BACKGROUND: Regorafenib is an oral multikinase inhibitor with a proven survival benefit for metastatic colorectal cancer patients. The KSCC1402/HGCSG1402 study investigated the prophylactic effect of oral dexamethasone (DEX) on regorafenib-related fatigue and/or malaise. PATIENTS AND METHODS: Patients who progressed after standard chemotherapy were randomized 1: 1 to a DEX group (2 mg/day; days 1-28) with regorafenib or a placebo group with regorafenib. The primary endpoint was the incidence of fatigue and/or malaise, based on version 4.0 of the National Cancer Institute's CTCAE (Common Terminology Criteria for Adverse Events).
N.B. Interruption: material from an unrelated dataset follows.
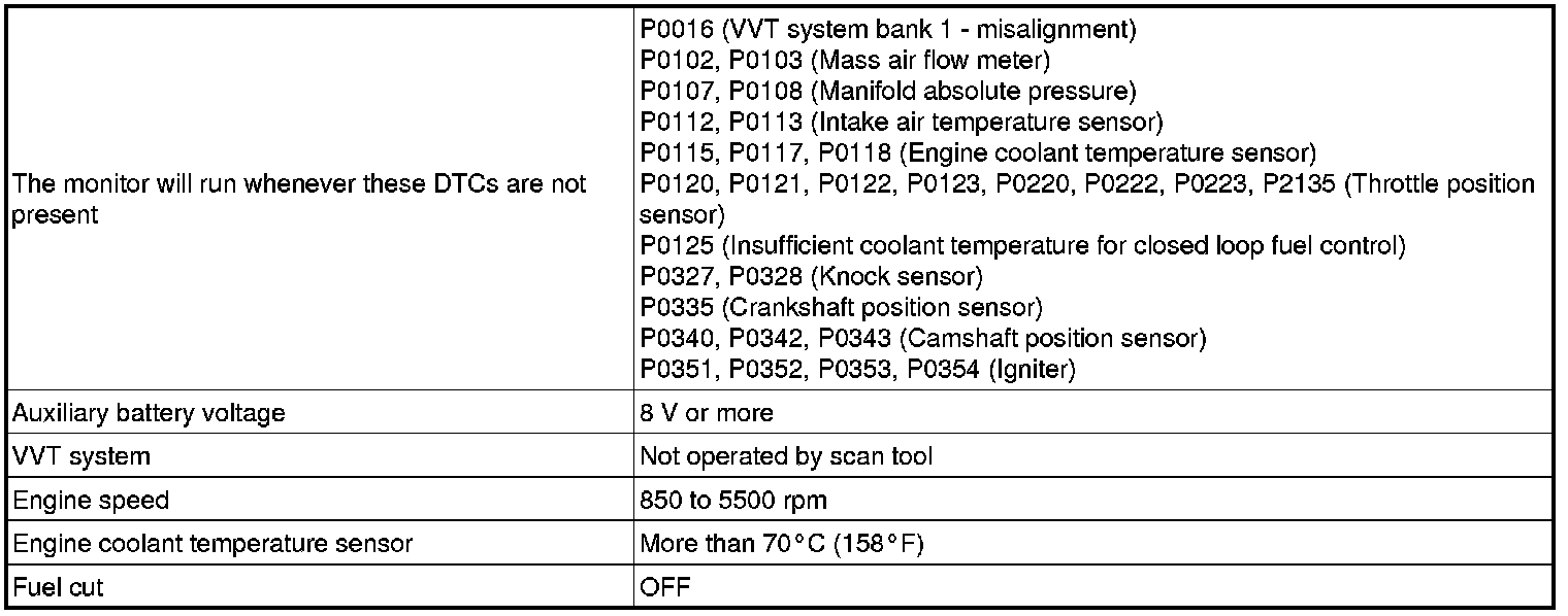 * If the freeze frame data record of the engine coolant temperature is below 75°C (167°F), it may only be possible to detect the misfire when the engine is cold.

One of the secondary endpoints was the in-cidence of fatigue and/or malaise based on the CTCAE assessed by patient-reported outcome (PRO). RESULTS: The incidence of any grade of fatigue and/or malaise assessed by the investigators was 58.8% in the DEX group and 61.1% in the placebo group (p = 0.8101), and that assessed by PRO was 47.2 and 58.3%, respectively (p = 0.3450). The incidence of grade ≥2 fatigue and/or malaise, as assessed by the investigators, was 19.4% for the DEX group and 38.9% for the placebo group (p = 0.0695), and that assessed by PRO was 27.8 and 52.8%, respectively (p = 0.0306). CONCLUSION: Our results suggest that prophylactic oral DEX is clinically effective in improving regorafenib-related fatigue and/or malaise.